While 59 per cent of the Indian marketers said that 2011 turned out to be better for sales across India; over 33 per cent said that it was the same as the previous year, and only 9 per cent believed it was worse than expected.
The overall outlook for the future reflects positivity. About 88 per cent Indian marketers believe that the outlook for their brand would be better or much better in 2012, and 61 per cent think that their industry sector would fare better.
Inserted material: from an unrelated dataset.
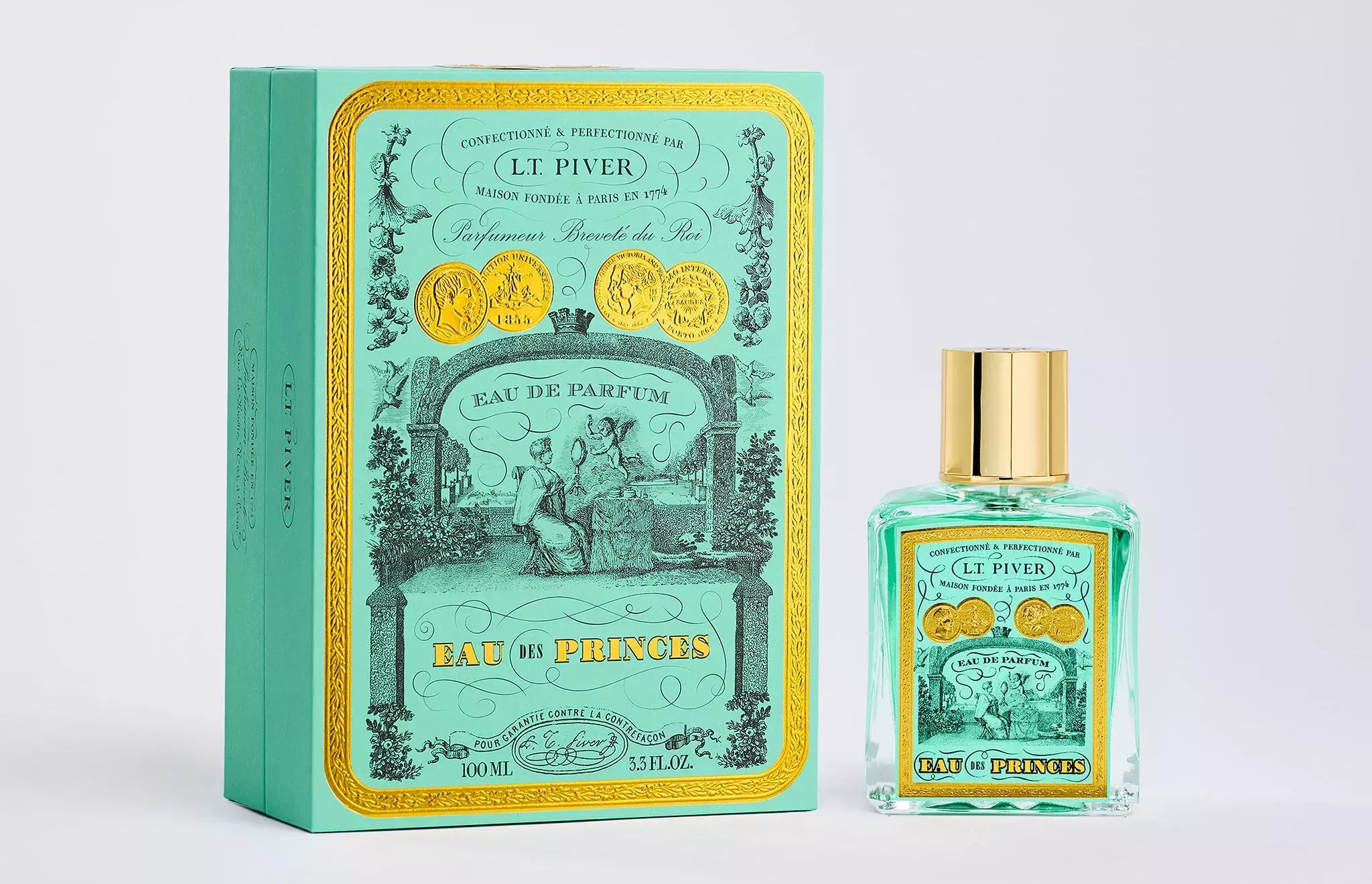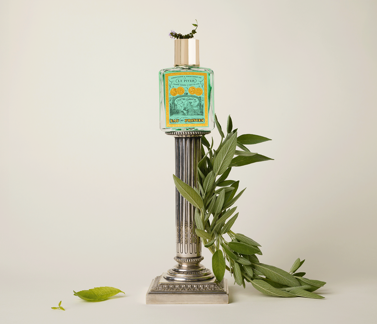 Sa clientèle masculine était celle des hommes de pouvoir — ces dandys raffinés, ces ministres, ces princes et officiers généraux qui portaient le parfum comme un attribut de leur rang. Pour eux, Piver avait conçu l’Eau des Princes : une fragrance d’une fraîcheur mentholée et herbacée sans concession, distinctif du raffinement princier comme l’indique encore aujourd’hui la maison.

About 67 per cent Indian marketers say they plan to spend more on market research.
Understanding target audiences ranked the top (84 per cent) for Indian marketers and they felt they did well; second (73 per cent) was coming up with creative marketing solutions, wherein Indian marketers felt that their agency partners did extremely well last year - but addressing this issue ranked high priority for 2012. Also, there is a big need gap in terms of measuring campaign ROI.
Agency partners are perceived to be doing well in quality of client service, overall quality of execution and delivering value for money, but less on leading and execution of digital strategies, understanding of digital media and global network.
"Indian marketers are bullish given the state of the global economy, but they have a strong vote of confidence in the Indian economy, despite uncertainties and many of them even expect their own brands to outperform the industry," says Biswarup Banerjee, marketing communications head, Ipsos India, in an official communiqué.
However, budgets are anticipated to rise in a majority of cases; very few are thinking of slashing budgets. For 2012, one-third of the marketers will work on a budget between US$1-5 million, and consumer products and financial services industries are likely to have a larger budget. Moreover, nearly two-thirds of marketers plan to increase marketing investment for 2012. The emphasis is expected to be more on brand investment, and marginally less for media spending and MR.
Building greater loyalty towards the brand remains a key focus area. For this, marketers prefer integrated marketing campaigns and the ability to measure the effectiveness of the campaign.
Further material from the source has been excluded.